* [Records from a dataset]:
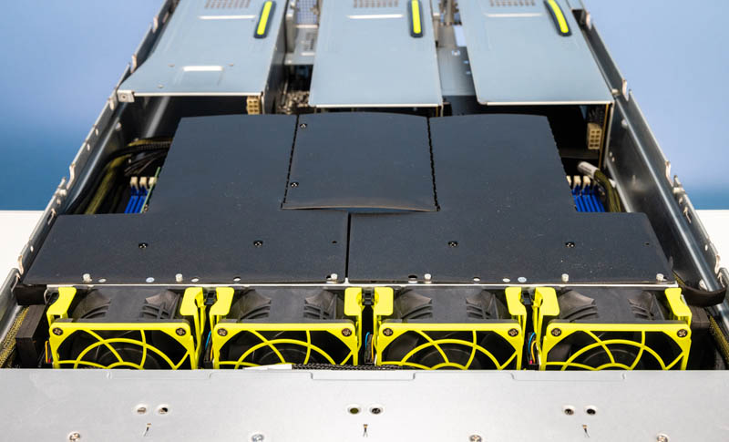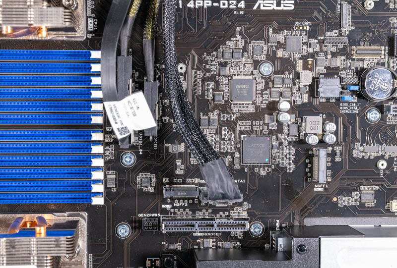 There is a small feature hiding under these cables. One of the M.2 slots is here. The other is to the right of the photo below. Internally, these are the two M.2 slots for the system, commonly used for boot.
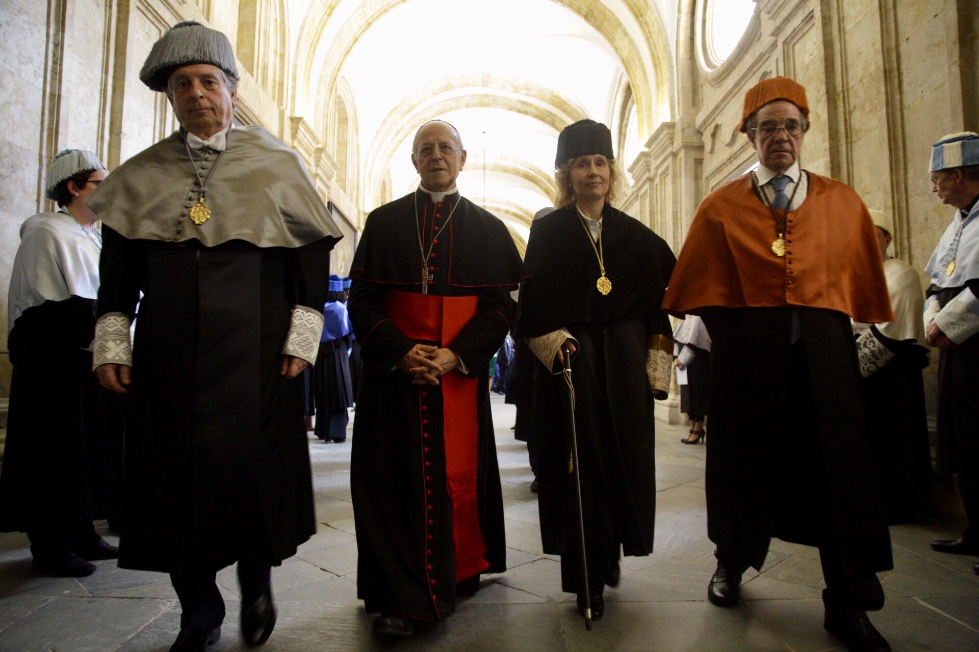 El Claustro Extraordinario de la Universidad Pontificia de Salamanca ha investido esta mañana a César Alierta Izuel y Juan José Almagro García como doctores honoris causa. El acto académico ha estado presidido por el Gran Canciller y presidente de la Conferencia Episcopal, cardenal Ricardo Blázquez Pérez, junto con la rectora de la UPSA, Mirian de las Mercedes Cortés Diéguez, y los vicerrectores Jacinto Núñez Regodón, Pedro Sangro Colón y Ana Mª Andaluz Romanillos.
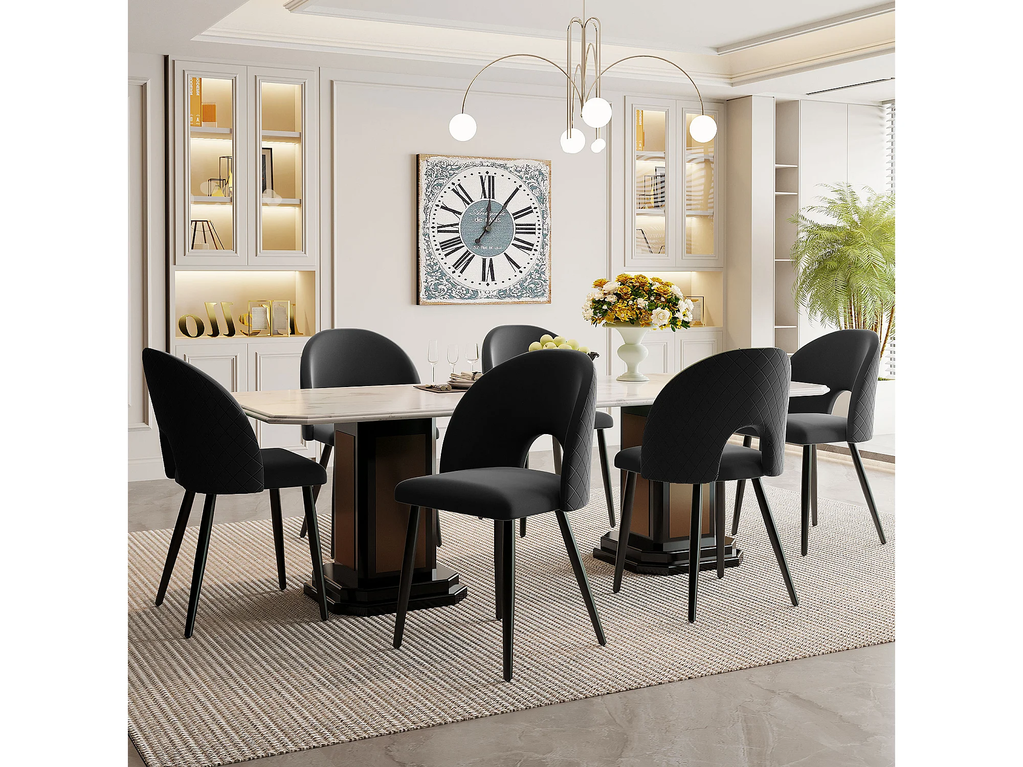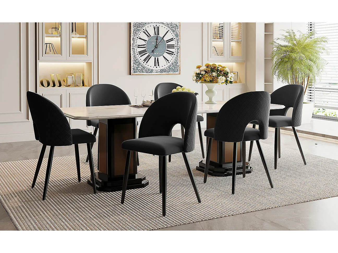 Conjunto de 6 cadeiras de jantar estofadas em veludo, pretas
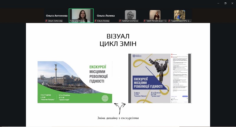 Здобувачі освітніх програм «Реклама та зв’язки з громадськістю», «Маркетинг», «Підприємництво, торгівля та біржова діяльність» освітніх рівнів «бакалавр» і «магістр» дізналися, як сьогодні музей перетворюється на медіа, працює з цінностями і створює комунікації, що резонують із суспільством. Юлія Лапутько навела реальні приклади з роботи команди Музею Майдану – від подій до digital-контенту.
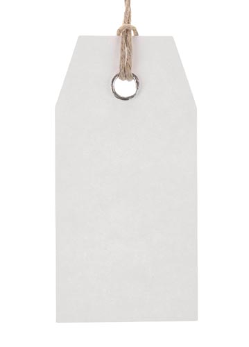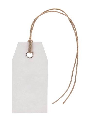 Kartonból, 13 cm hosszú akasztón, szegecselt fűzőlyukkal..

* [Try it]: From the first line to the last, print the records exactly; leave out the pictures.

* [Task solution]:
 There is a small feature hiding under these cables. One of the M.2 slots is here. The other is to the right of the photo below. Internally, these are the two M.2 slots for the system, commonly used for boot.
 El Claustro Extraordinario de la Universidad Pontificia de Salamanca ha investido esta mañana a César Alierta Izuel y Juan José Almagro García como doctores honoris causa. El acto académico ha estado presidido por el Gran Canciller y presidente de la Conferencia Episcopal, cardenal Ricardo Blázquez Pérez, junto con la rectora de la UPSA, Mirian de las Mercedes Cortés Diéguez, y los vicerrectores Jacinto Núñez Regodón, Pedro Sangro Colón y Ana Mª Andaluz Romanillos.
 Conjunto de 6 cadeiras de jantar estofadas em veludo, pretas
 Здобувачі освітніх програм «Реклама та зв’язки з громадськістю», «Маркетинг», «Підприємництво, торгівля та біржова діяльність» освітніх рівнів «бакалавр» і «магістр» дізналися, як сьогодні музей перетворюється на медіа, працює з цінностями і створює комунікації, що резонують із суспільством. Юлія Лапутько навела реальні приклади з роботи команди Музею Майдану – від подій до digital-контенту.
 Kartonból, 13 cm hosszú akasztón, szegecselt fűzőlyukkal..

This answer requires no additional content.